Posted By on Mon, Apr 29, 2019 at 3:35 PM

An agent with the California Department of Alcoholic Beverage Control posts a notice of revocation at Rico's Tacos. - SUBMITTED
  • Submitted
  • An agent with the California Department of Alcoholic Beverage Control posts a notice of revocation at Rico's Tacos.

The California Department of Alcoholic Beverage Control has revoked an Arcata taco shop’s liquor license, effective immediately.

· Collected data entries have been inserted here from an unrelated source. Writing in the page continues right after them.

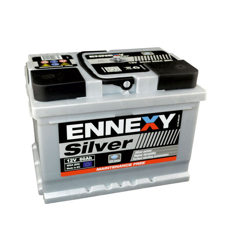 Автомобилният акумулатор ENNEXY Silver 60 Ah/550A е капсулован и необслужваем. Намира приложение за мощни бензинови и дизелови двигатели. Автомобилният акумулатор се характеризира с високия си стартов ток и стабилна конструкция. Дори при по-ниски и минусови температури, акумулаторът ENNEXY Silver запазва своя висок стартов ток и устойчивост. На корпуса си, акумулатора има индикатор, който показва състоянието на заряда. Притежава също така висока антикорозионна устойчивост. Това се дължи на материалите, използвани за направата му.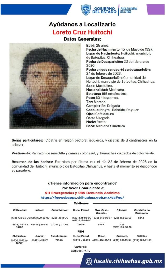 Loreto Cruz Huitochi, de 28 años, fue visto por última vez el 22 de febrero de 2026 en la comunidad de Huitochi, municipio de Batopilas, Chihuahua. El reporte de su desaparición fue realizado dos días después, el 24 de febrero.
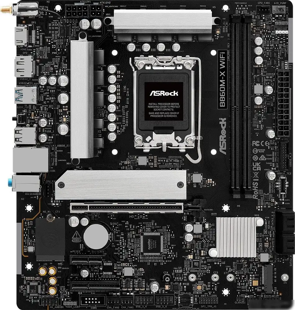 mATX, чипсет Intel B860, память 2xDDR5/DDR5 CUDIMM до 9066 МГц, слоты: 1xPCIe x16 5.0, 1xPCIe x4, 1xPCIe x1, 2xM.2, 802.11ax (Wi-Fi 6E)+Bluetooth 5.3, 7+1+1+1+1 фаз питания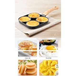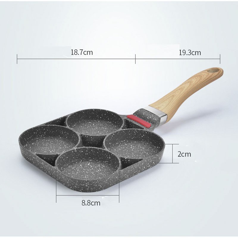 ✅ Khuôn Chảo Chiên Rán Trứng Làm Bánh 4 Ngăn 4 Lỗ Chống Dính- Chống Dính Tay Cầm Gỗ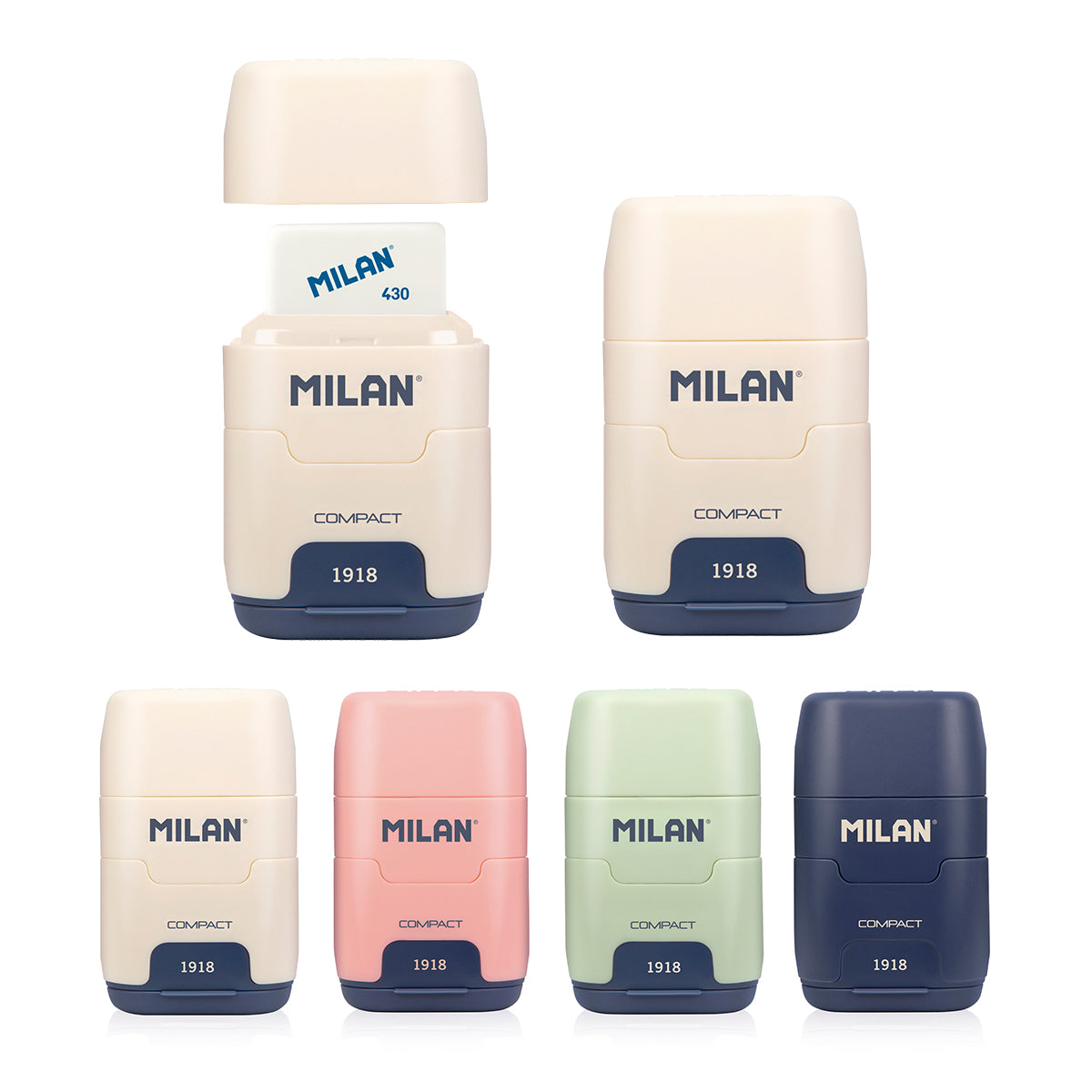 Afilaborra MILAN COMPACT serie 1918, una combinación de goma de borrar y sacapuntas doble (uno estándar y otro MAXI) con depósito. Incluye dos gomas de borrar 430 de recambio, ¡para que no te quedes sin!

According to a press release, Rico’s Tacos Taqueria has not contested the revocation, which comes about six months after its owner Ariel Arguellas-Sosa was arrested on suspicion of possession and sales of cocaine and methamphetamine. Agents with the Humboldt County Drug Task Force reported seizing more than 3 pounds of cocaine — as well as a combined 10 ounces of heroin and cocaine — and roughly $200,000 in cash last August as a part of its investigation into allegations Arguellas-Sosa was engaged in illegal drug activity.

According to the press release from ABC, agents discovered as a part of that investigation that proceeds from the drug sales were being used to operate the taqueria.

Arguellas-Sosa posted bail in his criminal case and is currently on the lam after failing to appear in court.